Once reserved for only a few classes of workers, mobile computing is becoming common throughout the ranks of large corporations. "Before, remote access was available to top executives, salespeople and remote support people, but the average employee did not have a remote link," says Bobbi Murphy, director and principal analyst of remote LAN and Internet access for Dataquest. "That's changing in part because of telecommuting laws, competitive and outsourcing pressures, contract workers and advances in the technology itself."

At the same time, mobile computing is becoming mission-critical, even if it's just used for electronic mail. "Many companies are now e-mail-centric, and if the system goes down, the people can't work," says Chris Andrus, director of collaborative systems in Arthur Andersen's advanced technology group consultancy in Atlanta. These circumstances are reshaping the focus of and requirements on information systems. According to Andrus, 60 percent of the total support effort of IS departments he works with now goes toward supporting modems.

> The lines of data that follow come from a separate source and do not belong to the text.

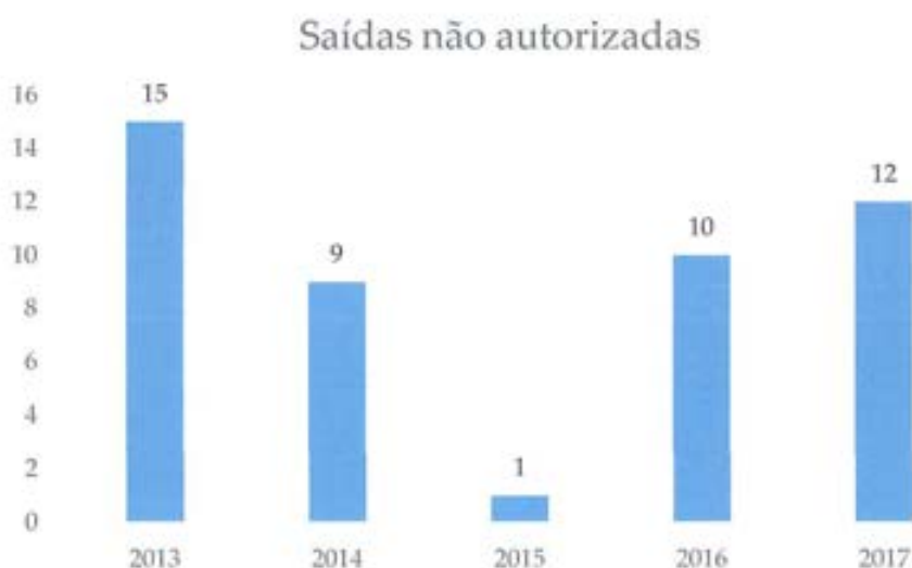
Gráfico n.º 4: Saídas não autorizadas nos últimos anos – 2013 a 2017

Nos últimos anos tem-se analisado as saídas não autorizadas por ter havido situações complexas no ano de 2013 que trouxeram algumas preocupações acerca deste fenómeno. Assim, analisaremos o gráfico n.º4. Pode-se constatar que no ano de 2017 ocorreram doze (12) saídas não autorizadas, denotando-se um pequeno acréscimo em relação ao ano de 2016. Analisadas estas saídas foi possível verificar que foram praticadas por jovens com alterações de comportamento e episódios de crise. Foi um ano (2017) em que a Casa de Acolhimento manteve aos seus cuidados jovens com critérios para lar especializado, verificando-se uma maior necessidade de adaptação e inovação de estratégias de intervenção. Continua-se a constatar um elevado número de perturbações emocionais, comportamentais e intelectuais, constituindo-se variáveis complexas de controlar. Assim, os dados referidos no gráfico n.º 4 deverão ser analisado tendo em conta estes fatores.
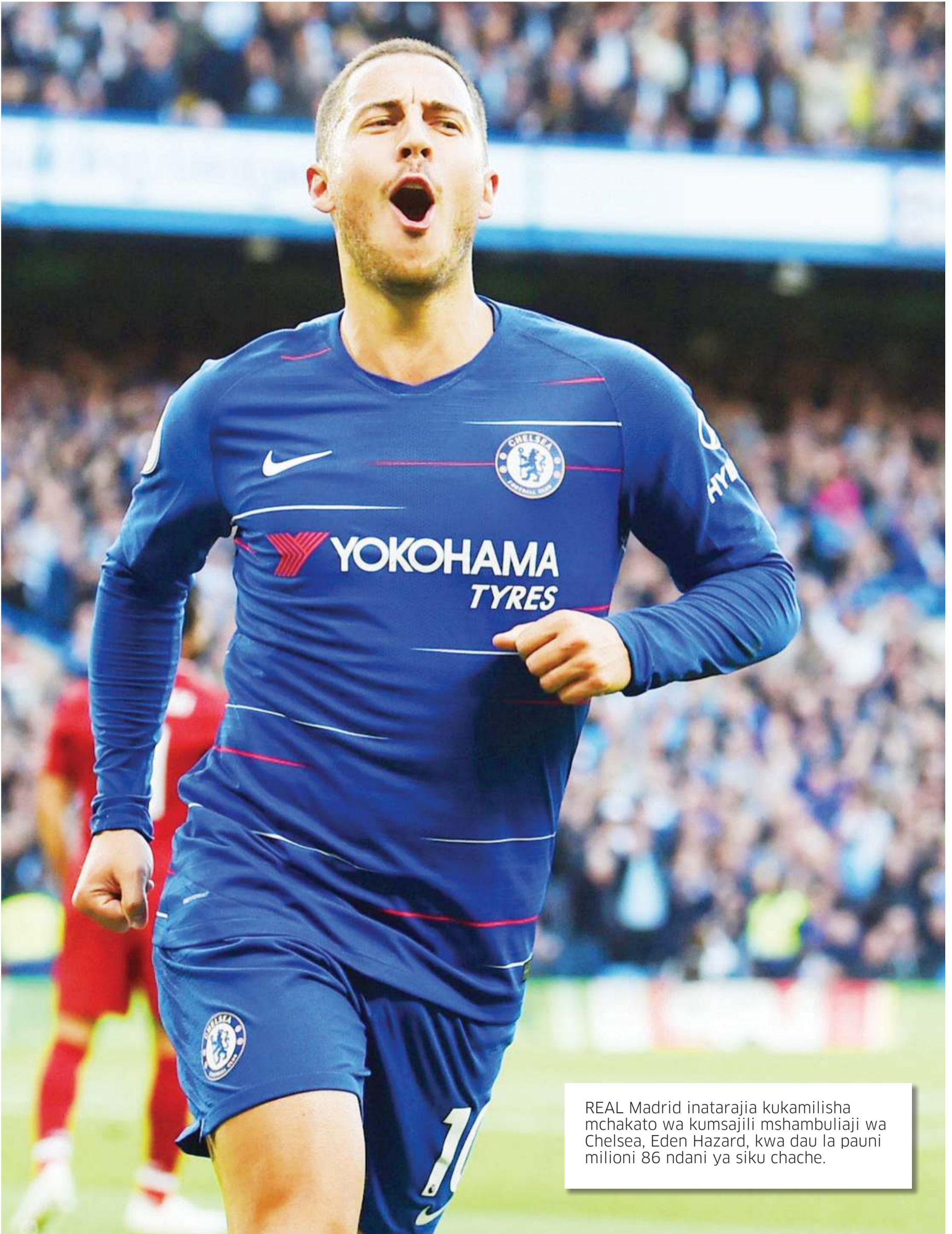
REAL Madrid inatarajia kukamilisha mchakato wa kumsajili mshambuliaji wa Chelsea, Eden Hazard, kwa dau la pauni milioni 86 ndani ya siku chache.
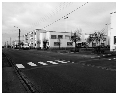
Vue générale de l'articulation rue-place. IVR31_20025900378X
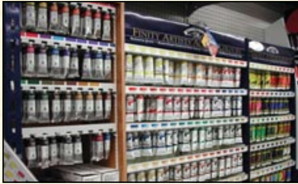
◀ شمع النحل يدخل في تصنيع الدهانات والألوان.

السداسي من بين مختلف الأشكال، حيث أنه لا يترك مسافات بين العيون السداسية بعضها البعض، كما أن الله ألهمها بأن تصمم العين بما يتفق مع هذا الغرض. فإذا كانت تبني

"This has all put a lot more strain on IT," says Murphy. "Remote access is a complex application to support, because so many pieces are involved. This includes the software run on your computer, the modems, phone network interconnections and the applications being accessed. That lends itself to a lot of error and basic mistakes."

Mobile computing is sure to increase even more. According to the Meta Group of Stamford, CT, 50 percent of personal computers in corporations will be mobile or laptop devices by 1998, compared to 25 percent now. Dataquest's Murphy says the boom in hardwired remote access (that is, plugging a laptop into a phone line, rather than using wireless technology) can be traced to three primary trends.

The boom has been spurred also by the development of the Internet, which allows workers to routinely make calls through their office networks or Internet service providers (ISPs).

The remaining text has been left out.